Photo: Pascal Guyot Agence France-Presse
The group Decathlon, has abandoned the marketing of the hijab sport after an outcry from elected officials from all political sides.
The controversy in France about the hijab sport, that the group Decathlon, has abandoned the marketing after an outcry from elected officials from all political sides, recalled two years after the case of the burkini the tensions around the thorny issue of secularism.
The irruption of the mode of islamic in the public space raises regularly tollés in France, arousing often the misunderstanding abroad. “Once again, France made a whole drama of the choice of attire of muslim women “, thus wrote Tuesday in the Washington Post.
The arrows have been shot in a few hours, both sides of the French political chess-board.
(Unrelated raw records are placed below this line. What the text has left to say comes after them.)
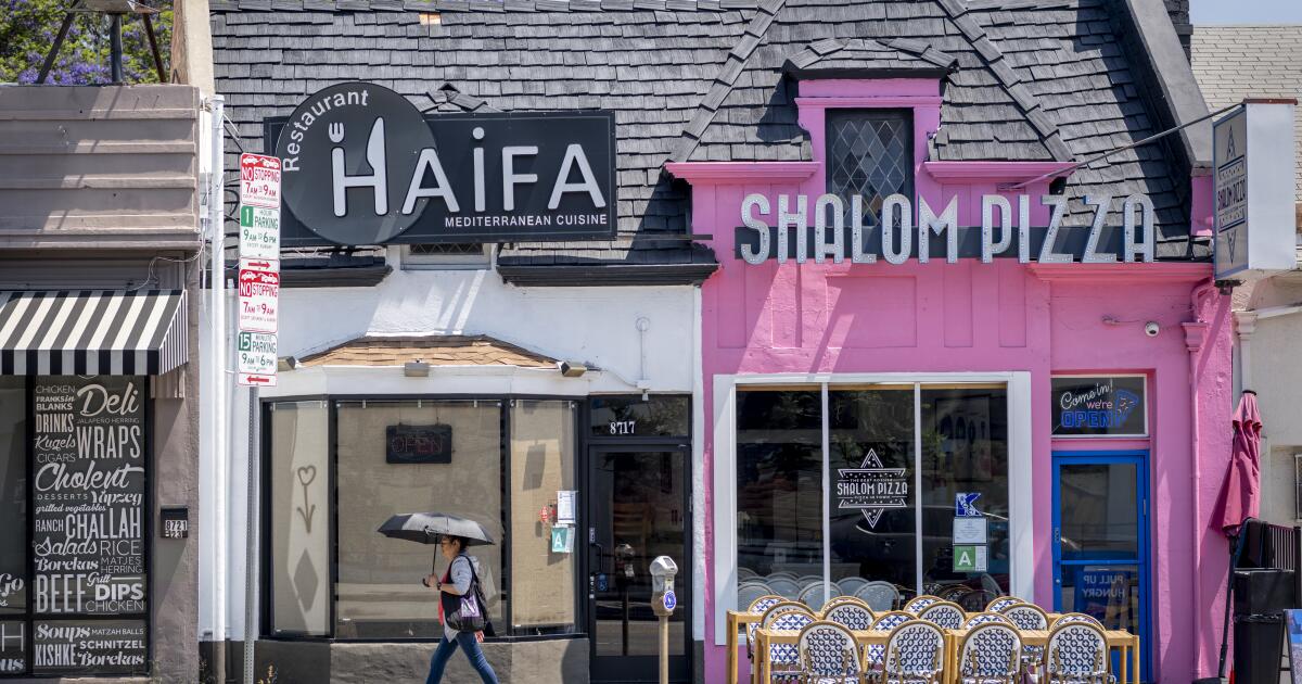 In Los Angeles’ Pico-Robertson neighborhood, the mood was subdued Monday as a smattering of Orthodox families made their way to services to observe Shavuot. Many kosher establishments were closed and armed guards flanked entrances to larger Jewish centers and temples.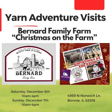 For the second year in a row, Yarn Adventure is visiting the famous Bernard Family "Christmas on the Farm" event. This two day holiday bonanza features shopping, getting to see (and even pet) adorable farm animals, and a festive holiday atmosphere. Come out to Bonnie, Illinois December 6th and 7th from 10am-4pm both days.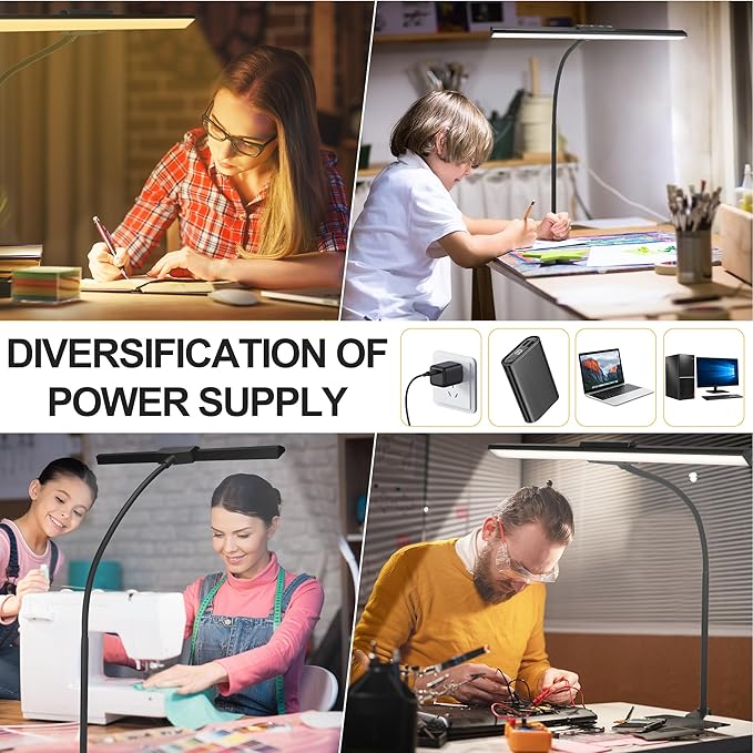 - 【Spacious and Illuminating】- LITREN desk lamps for home office, with its 16.34 inch/40 cm widened design, provides an ample amount of brightness, efficiently conserving your energy while fully illuminating your desk. Its light is exceptionally uniform, which can prevent blue light from harming your eyes, enhancing your work efficiency. Ideal for multi-monitor workstations, home, office, study, architects, drawing, sewing, crafting, painting, reading, gaming, pianos and nail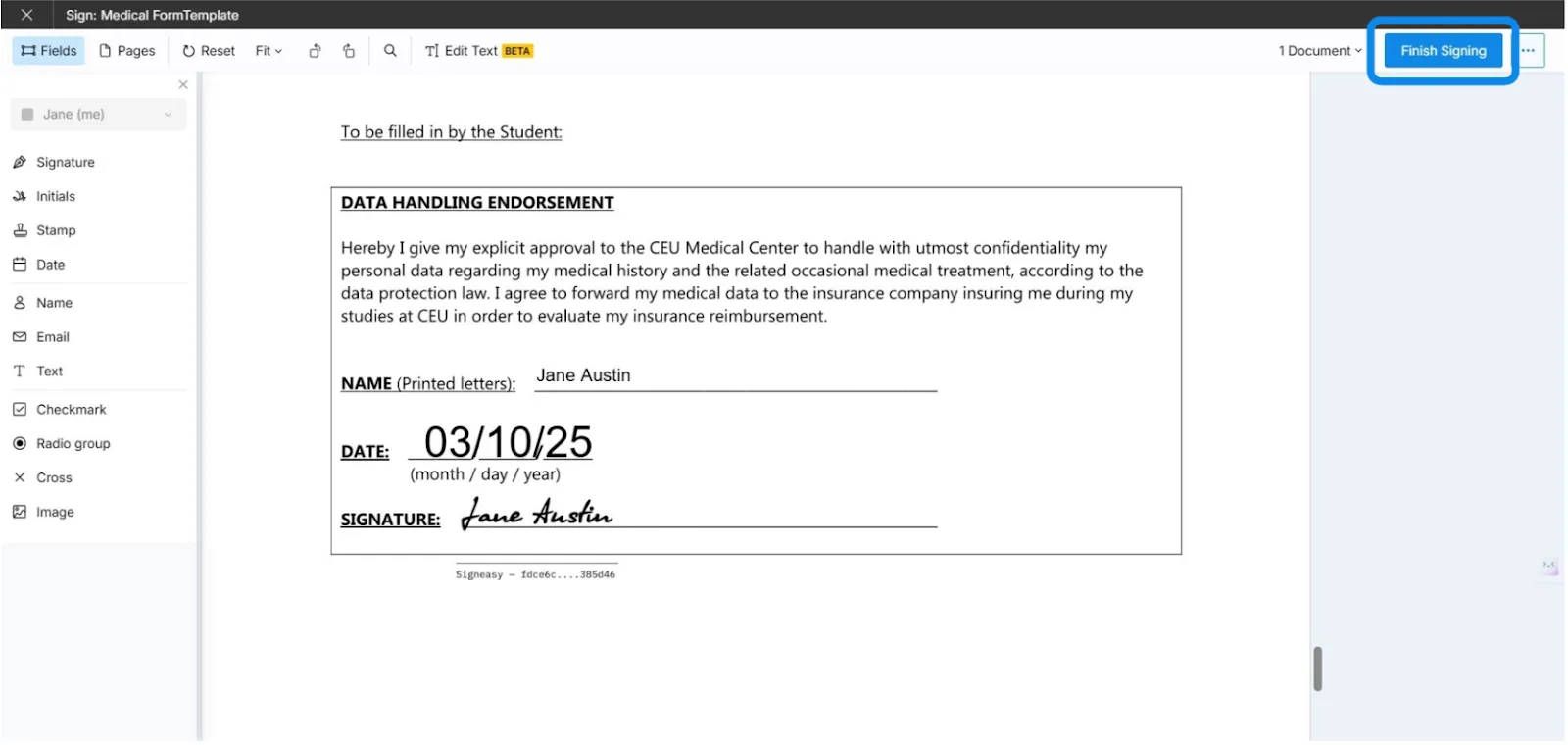 To submit a document as a PDF, first save or export the file in PDF format using your word processor or editing tool. Then, upload it to the desired platform, email it, or share it via a secure link. If you need to sign or complete the document before submitting, you should use a legally valid eSignature platform like Signeasy to fill out and finalize the PDF.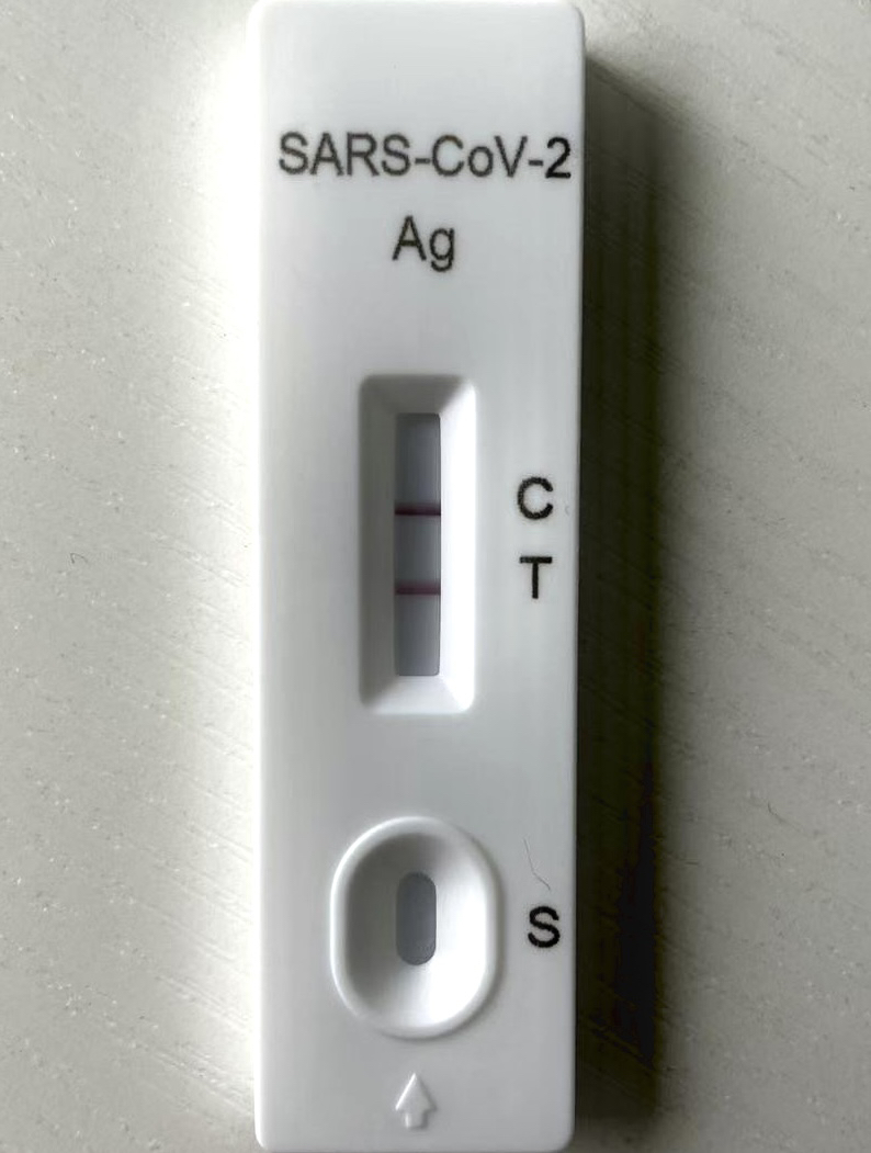 12月6日晚上我发烧了,当时测体温38.2度,伴随的症状就是咽喉肿痛,话都说不出来,身体发冷、四肢无力,于是我用抗原测了一下,两条杠。我立刻给我老婆打电话,我说:“我阳了,你和娃娃这几天不要回来,你们也用自测盒测一下。”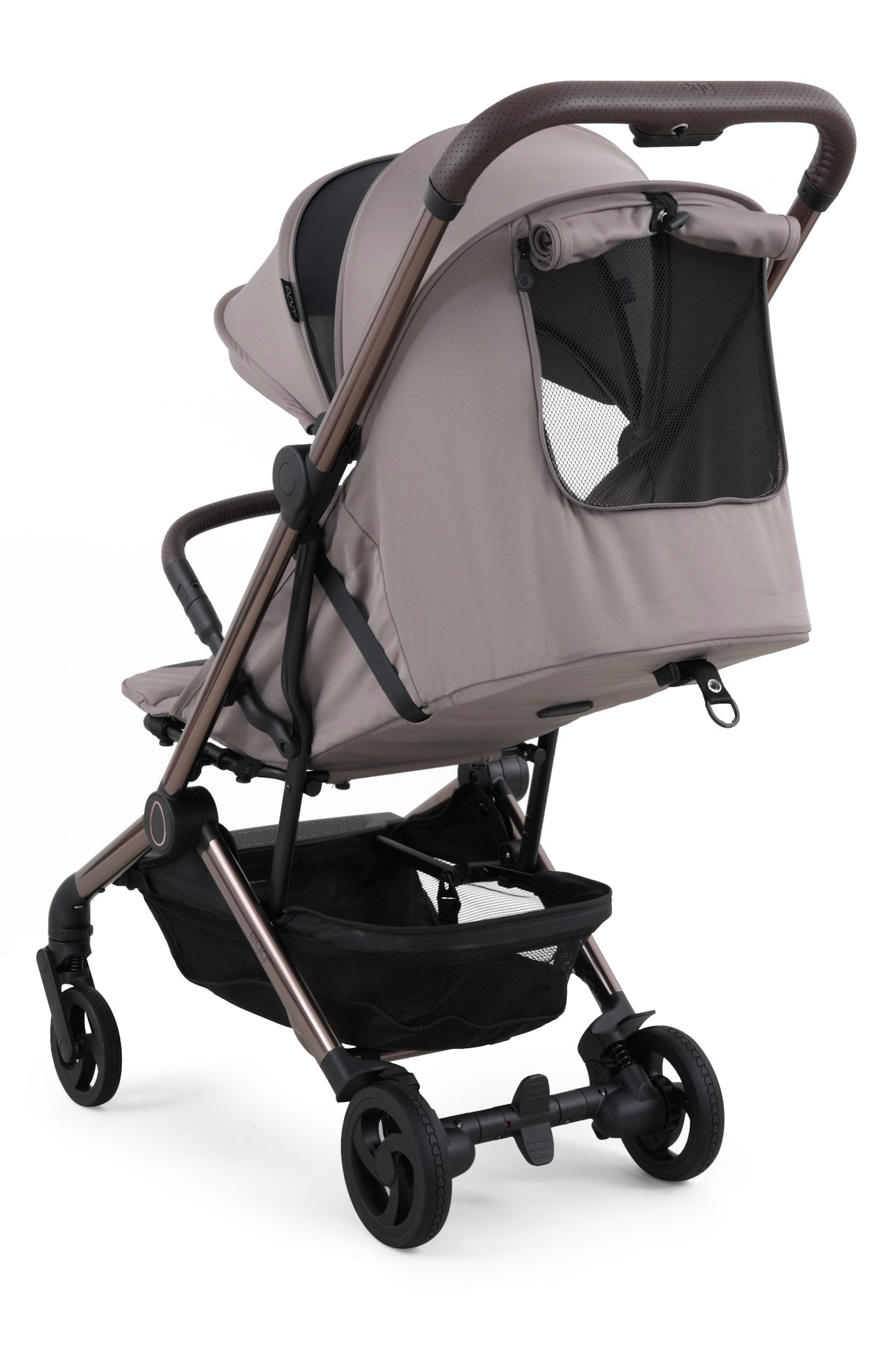 A rear storage pocket and large 3kg-capacity basket give practical storage options, while signature egg® styling—from the hand-stitched leatherette handlebar to the gated bumper bar—delivers unmistakable sophistication.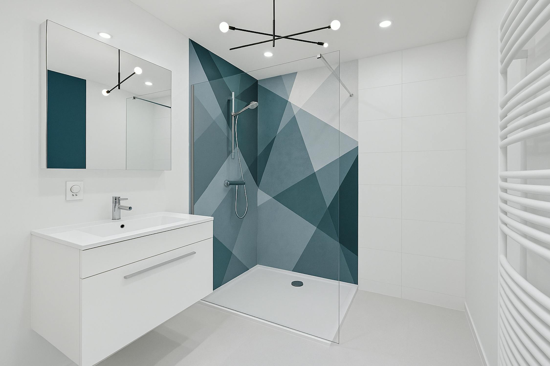 - Badkamer met wasmeubel en inloop douche;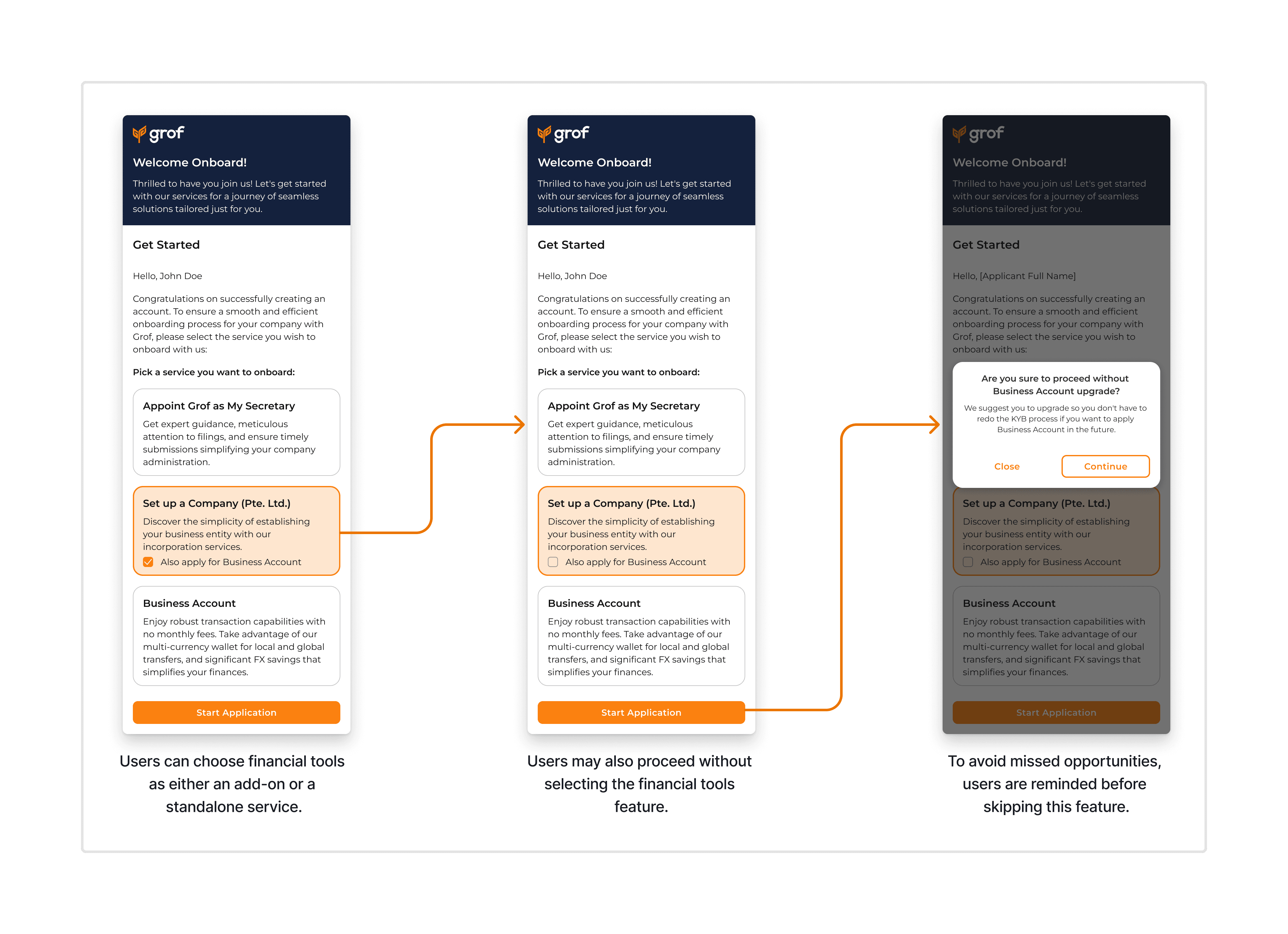 Image: Introducing Grof’s financial tools at the start of the onboarding journey, helping users understand the full value of our services from day one.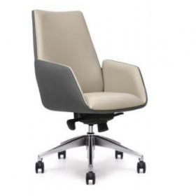• 国景 KJS613-KRPY1B 办公椅 办公椅子 尺寸 690*700*960 会议椅 实木扶手 铝合金抛光脚 米色牛皮/西皮 金属电镀脚 T2*φ32mm钢管电镀 转椅 学习椅 中背西皮 主管椅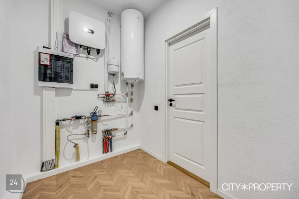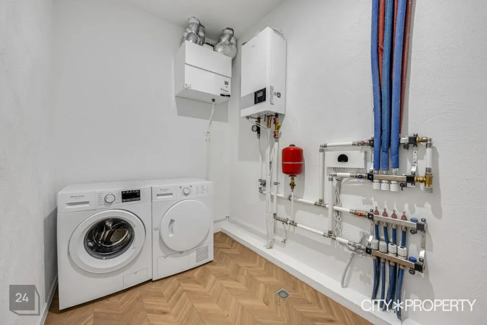 Alumisel korrusel on vesipõrandaküte, mis tagab mõnusa ja ühtlase soojuse kogu elamispinnal, ning ülemisel korrusel on radiaatorid, pakkudes paindlikku temperatuuri reguleerimist magamistubades.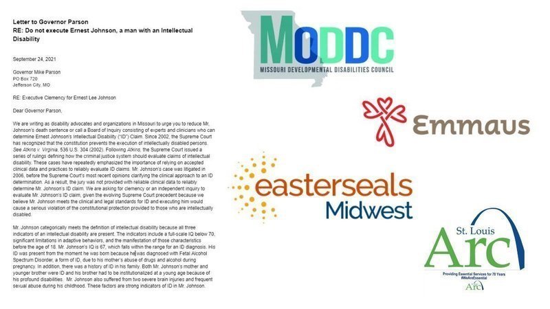 Last week, leaders of several Missouri organizations who serve people with Intellectual Disabilities submitted a letter to Governor Parson calling for clemency for Ernest Johnson and asking the Governor to call a Board of Inquiry to review the medical and clinical evidence of his Intellectual Disability claim. The letter is signed by the Missouri Developmental Disabilities Council, Easterseals Midwest, Emmaus Homes, Inc., and St. Louis ARC. The letter reads: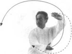 【要 点】 这动作练时速度较快。要求:左手上棚领劲,先合后开, 迈步要轻灵,右臂、右腿要“上引下进”。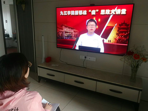 马克思主义基本原理教研室秦芹:今天,我院号召全体教师观看由九江学院党委宣传部和附属医院负责组织实施的《九江学院援鄂战“疫”思政大讲堂》的网络直播。我教研室教师准时收看了这次《战“疫”思政大讲堂》,通过认真学习,令我们受益匪浅,刻骨铭心。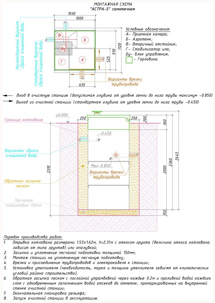 Для начала выкапывается котлован на 15 см больше, чем размеры самой установки, и траншеи для подведения трубы и электрического кабеля. Далее септик опускается в котлован, к нему подключаются трубы и кабель, а после он заполняется водой с попеременным обсыпанием песком. Выполняются пусконаладочные работы.
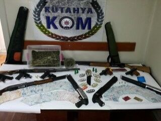 Şüphelilerin adreslerinde yapılan aramada 6 ruhsatsız av tüfeği, 2 ruhsatsız ve 3 kurusıkı tabanca, 9 muşta, 400 gram kubar esrar ve bahisten kazanıldığı değerlendirilen 30 bin lira ele geçirildi.

The “boycott” has been claimed both by Valérie Rabault, president of the socialist group in the national Assembly, and the leader of the party sovereigntist Standing in France, Nicolas Dupont-Aignan.
The spokesperson of the party, presidential Republic in march, Aurore Bergé, said that she will not ” trust in a brand that breaks with our values “, joined by Lydia Guirous, spokesman of the Republicans (right), accusing the brand of” support the submission of women “.
The controversy has inflamed the social networks in France while the brand has shown on Twitter having been inundated with calls and e-mails of insults and threats, also referring to the employees in the stores, ” sometimes physically “.
“A hysterization” of the debate, reported Wednesday by the French minister of Justice, Nicole Belloubet, who recalled that the hijab, “which leaves the face open and visible,” according to the brand, was not contrary to the law on secularism, and public order.
As a staff, however, she felt that ” the sport, it is the values of universalism “, and that she does not see ” why women have caused themselves to wear this type of clothing “.
In a commentary for the Huffington Post, the French secretary of State for equality of women and men, Marlène Schiappa, opposed the ban on the hijab, considered ” necessary to [reflect on] this choice philosophically “. “What is the message that France address the courageous women who, in many countries of the world, remove their veil at the peril of their lives ?” asks she.
The government spokesperson Benjamin Griveaux is, to him, remained cryptic, ranking ” on the side of freedom of conscience and freedom tout court “.
Only the minister of Sports, Roxana Maracineanu, took a clear stand for the sale of this type of clothes : “I want to go search for the women, the mothers, the young girls wherever they are and as they are, encourage the practice of sport, as it is, I am convinced, a powerful lever of emancipation “, she tweeted.
In 2016 in France, the marketing of islamic veils by luxury brands, western or, still more, the municipal antiburkini (bathing suit for women that covers the torso as well as a part of the members and of the head) on the beaches (eventually invalidated by the highest administrative jurisdiction in france) had fuelled the debate.
This new controversy, ” it is madness “, said the sociologist Raphael Liogier. “What is the common point between the idea of being more elegant, to bathe or sport in public ? In all three cases, it is forbidden in islam, ” recalls the author of The war of civilizations will not take place. “These women who wear these clothes are for the modernization of islam. So, in asking to remove the hijab, it supports the fundamentalists “, he adds.
“The more one drives them into the women who wear the scarf to remove it or they are guilty, the more the fundamentalists find legitimacy and say : “See, France is against islam, so hold on to your faith,” “, abounds Farhad Khosrokhavar, director of studies at the École des hautes études en sciences sociales (Ehess).
According to the researcher, ” the idéologisation of the headscarf in France is increasingly distant from the real world. […] Everywhere now, there are women who wear the headscarf and who participate in the public space, in politics, in fashion… We are here in an archaic form of secularism.”